The only thing that matters is the impact on the financials. The shareholders (the people who employ you) dont care about any of this if it does not enhance value.


"(And how competently Dario has played his hand.)"

lol hes barely done anything, but sometimes that is all that's necessary when a bozo opponent is hell-bent on screwing things up. He didn't get fired the first time for no reason.


> hes barely done anything, but sometimes that is all that's necessary when a bozo opponent is hell-bent on screwing things up

An former chess instructor told me most games are won not by brilliant maneuver, but by not screwing up. Repeatedly making the boring play is a winning strategy far more often than any mastermind play.


Yes anti-trust is very much theatre nowadays.

As long it further's American interests globally - monopoly is fine. Other countries need to take notice and start picking winners nationally in order to compete with the large American big tech firms.


Eh, I think this is actually not a specifically American thing. More of a neo-liberal mindset. Competition may be good in the long term. But a monopoly now may mean more money in your pocket now. The tech giants definitely give the US some geo-political power in some cases but in general the US would be better off with more competition.

ed: @er2d, can't reply to your comment for some reason, so doing it here: I don't agree. In theory a monopoly decreases the necessity for R&D. Of course this becomes more complex if the R&D is funded or steered by the state. But look at the current state of LLMs. There is fierce competition between 3 US companies.
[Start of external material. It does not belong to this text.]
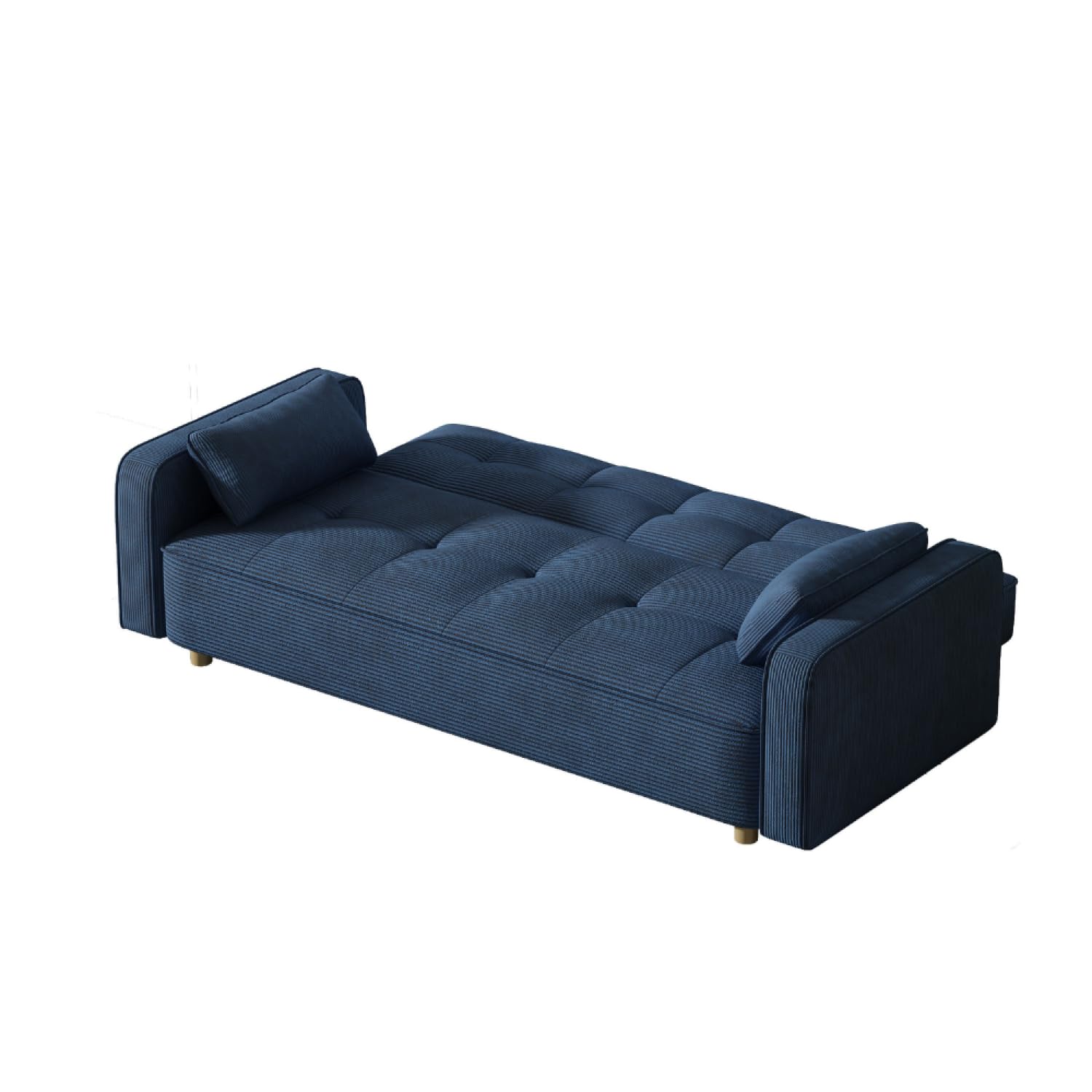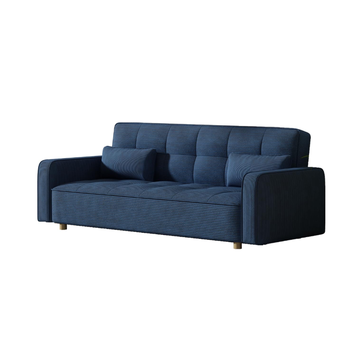 CONCEPT USINE | Canapé Scandinave Convertible 3 Places Velours Côtelé | COPENHAGUE Bleu | Canapé Droit Modulable Moderne avec Accoudoirs + 2 Coussins | Dossier & Assise Déhoussables | Largeur 213 cm

But geopolitically it's the same as if there would be one monopoly. The US being the clear technological leader in an industry is not dependent on that industry being a domestic monopoly.

And for the Europe comment: Also don't agree. Look at Boeing & Airbus. Both are companies where the US & EU have decided that they need to ensure the existence of a domestic airplane manufacturer. So in these cases they support these companies (often in violation of international trade laws). But it has nothing to do with monopolies. If a state decides to support a company to ensure its existence, a monopoly is the logical consequence and not the aim. Because if that industry would be profitable it wouldn't need to be supported in the first place.

But all these tech companies are not in industries that would move off-shore or stop existing because they're not profitable enough, so it's an entirely different setting.


Nope the reason for a monopoly is incentives for R&D and innovation.

The US understands that and allows it to happen as the former yields a compounding effect of power.

European states certainly don't get this.


You’re wrong actually I suggest you read a book on industrial organisation and why monopoly is a more efficient market structure in relation to incentives for R&D.

Why do people comment on stuff they barely have an understanding of? Comical. People like you create noise.


TSMC ?

Airbus ?


Are you claiming they are tech firms in the manner of a Apple, Google etc?